**TASK GOAL:** Using the data beneath this instruction, retype only the lines from the one that contains "12、解析除氧器應與水箱在同" down to the one that contains "Auf einem ruhigen", both included, exactly as they appear.

**GIVEN DATA:**
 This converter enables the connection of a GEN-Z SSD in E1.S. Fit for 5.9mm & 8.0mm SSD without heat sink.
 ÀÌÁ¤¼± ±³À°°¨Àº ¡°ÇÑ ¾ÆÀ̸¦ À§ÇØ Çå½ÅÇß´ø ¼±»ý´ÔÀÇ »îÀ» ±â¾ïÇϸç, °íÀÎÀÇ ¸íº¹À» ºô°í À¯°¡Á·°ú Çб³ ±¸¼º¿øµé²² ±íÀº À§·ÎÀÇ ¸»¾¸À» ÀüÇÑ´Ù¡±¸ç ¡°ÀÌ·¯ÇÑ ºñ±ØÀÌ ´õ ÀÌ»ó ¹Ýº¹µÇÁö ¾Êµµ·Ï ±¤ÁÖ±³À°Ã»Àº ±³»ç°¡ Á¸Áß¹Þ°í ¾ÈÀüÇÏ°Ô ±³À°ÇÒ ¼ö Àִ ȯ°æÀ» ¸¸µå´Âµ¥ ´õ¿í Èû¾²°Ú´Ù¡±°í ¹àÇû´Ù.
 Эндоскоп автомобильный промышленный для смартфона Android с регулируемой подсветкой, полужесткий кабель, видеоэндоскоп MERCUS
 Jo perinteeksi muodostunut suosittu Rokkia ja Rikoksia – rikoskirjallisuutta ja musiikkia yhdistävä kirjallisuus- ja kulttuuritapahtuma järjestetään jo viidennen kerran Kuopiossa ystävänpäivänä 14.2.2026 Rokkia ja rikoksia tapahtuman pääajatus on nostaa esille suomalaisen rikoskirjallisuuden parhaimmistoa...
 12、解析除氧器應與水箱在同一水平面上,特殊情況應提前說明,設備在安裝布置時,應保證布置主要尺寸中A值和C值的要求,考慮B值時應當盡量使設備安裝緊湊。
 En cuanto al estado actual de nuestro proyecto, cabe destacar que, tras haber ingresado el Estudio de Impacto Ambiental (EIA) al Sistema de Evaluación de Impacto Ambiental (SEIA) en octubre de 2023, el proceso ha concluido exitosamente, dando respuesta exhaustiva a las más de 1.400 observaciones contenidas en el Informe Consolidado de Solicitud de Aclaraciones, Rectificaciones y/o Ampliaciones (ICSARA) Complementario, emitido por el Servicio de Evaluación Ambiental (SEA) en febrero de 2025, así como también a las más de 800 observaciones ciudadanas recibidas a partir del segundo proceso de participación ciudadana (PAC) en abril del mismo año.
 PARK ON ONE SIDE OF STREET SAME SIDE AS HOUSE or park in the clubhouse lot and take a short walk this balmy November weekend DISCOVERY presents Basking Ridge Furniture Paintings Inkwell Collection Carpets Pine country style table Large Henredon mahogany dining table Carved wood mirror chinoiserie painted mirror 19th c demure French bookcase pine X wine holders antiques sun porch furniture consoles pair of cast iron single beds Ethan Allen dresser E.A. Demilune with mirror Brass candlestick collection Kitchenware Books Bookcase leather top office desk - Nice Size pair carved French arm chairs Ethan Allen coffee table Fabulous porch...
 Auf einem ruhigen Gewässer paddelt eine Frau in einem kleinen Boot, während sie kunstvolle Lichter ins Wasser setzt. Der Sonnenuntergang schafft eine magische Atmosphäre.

---

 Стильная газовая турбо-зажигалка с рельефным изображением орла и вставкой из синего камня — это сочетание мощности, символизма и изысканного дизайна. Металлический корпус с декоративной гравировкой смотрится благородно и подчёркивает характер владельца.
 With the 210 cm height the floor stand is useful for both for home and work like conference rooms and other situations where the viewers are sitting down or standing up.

**RESPONSE TO THIS EXERCISE:**
 12、解析除氧器應與水箱在同一水平面上,特殊情況應提前說明,設備在安裝布置時,應保證布置主要尺寸中A值和C值的要求,考慮B值時應當盡量使設備安裝緊湊。
 En cuanto al estado actual de nuestro proyecto, cabe destacar que, tras haber ingresado el Estudio de Impacto Ambiental (EIA) al Sistema de Evaluación de Impacto Ambiental (SEIA) en octubre de 2023, el proceso ha concluido exitosamente, dando respuesta exhaustiva a las más de 1.400 observaciones contenidas en el Informe Consolidado de Solicitud de Aclaraciones, Rectificaciones y/o Ampliaciones (ICSARA) Complementario, emitido por el Servicio de Evaluación Ambiental (SEA) en febrero de 2025, así como también a las más de 800 observaciones ciudadanas recibidas a partir del segundo proceso de participación ciudadana (PAC) en abril del mismo año.
 PARK ON ONE SIDE OF STREET SAME SIDE AS HOUSE or park in the clubhouse lot and take a short walk this balmy November weekend DISCOVERY presents Basking Ridge Furniture Paintings Inkwell Collection Carpets Pine country style table Large Henredon mahogany dining table Carved wood mirror chinoiserie painted mirror 19th c demure French bookcase pine X wine holders antiques sun porch furniture consoles pair of cast iron single beds Ethan Allen dresser E.A. Demilune with mirror Brass candlestick collection Kitchenware Books Bookcase leather top office desk - Nice Size pair carved French arm chairs Ethan Allen coffee table Fabulous porch...
 Auf einem ruhigen Gewässer paddelt eine Frau in einem kleinen Boot, während sie kunstvolle Lichter ins Wasser setzt. Der Sonnenuntergang schafft eine magische Atmosphäre.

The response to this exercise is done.